To select pre-miRNA coding genes that were present in the genome of the common ancestor of H. s. s., H. s. d. and H. s. n. we analyzed the multiple genome alignment of six primates from Ensembl rel. 69 [12]. The minimum length of any ortholog (excluding unreadable and polymorphic nucleotides) was considered to be not less than 70% of the length of the corresponding H. s. s. pre-miRNA.

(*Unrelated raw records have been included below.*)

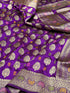 Purple Handwoven Pure Banarasi Silk Saree – Kadwa Weave in 100% Katan Mulberry Silk
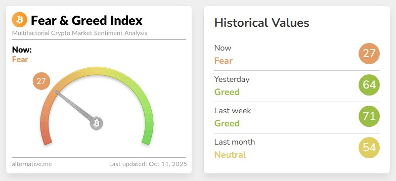 Antes do crash, o Índice de Medo e Ganância do Bitcoin do site Alternative.me apontava que o mercado estava animado, com uma pontuação de 64/100. No entanto, o medidor despencou rapidamente para 27/100, apontando “medo”.
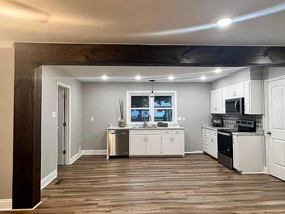 Very pretty remodel. House has an open plan with living room/dining and Kitchen all very open. New paint, new windows and new stainless appliances. Corner property has a drive off of Missile Base and off of Oakdale Church Road. Partially fenced. Shop is wired. Nice covered attached carport with an enclosed storage room Has a storm cellar. Very nice property not far from Judsonia or Searcy

We mapped all the nucleotide substitutions found by comparing the pre-miRNA orthologs in the H. s. s./H. s. d. and H. s. s./H. s. n. pairs onto the secondary structures of the corresponding pre-miRNAs in H. s. s. contained in the miRBase database rel. 19 [11].

We selected H. s. d. and H. s. n. pre-miRNA genes with (i) nucleotide substitutions (deletions, insertions) in the regions corresponding to the sequences of mature miRNAs (and/or miRNAs*) or (ii) multiple substitutions within a region not larger than 1/20 of the pre-miRNA length. In the first case (i), the altered mature miRNAs are of special interest because they change the pattern of complementary interactions between miRNAs and their target mRNAs in H. s. d. or H. s. n. and make it different from H. s. s. In the second case (ii), the probability of observing multiple changes within a small region of H. s. d. or H. s. n. pre-miRNA by random chance is extremely low. For instance, the estimate of the total number of differences between H. s. d. and H. s. s. is approximately 1,650,000 [3]. Under the assumption of a uniform distribution of mutation fixation events in a 6400 bp long sequence (1/20 of the length of 1600 pre-miRNA genes, each gene being approximately 80 bp in length), the estimate of the probability of two mutations being fixed simultaneously is less than 0.002.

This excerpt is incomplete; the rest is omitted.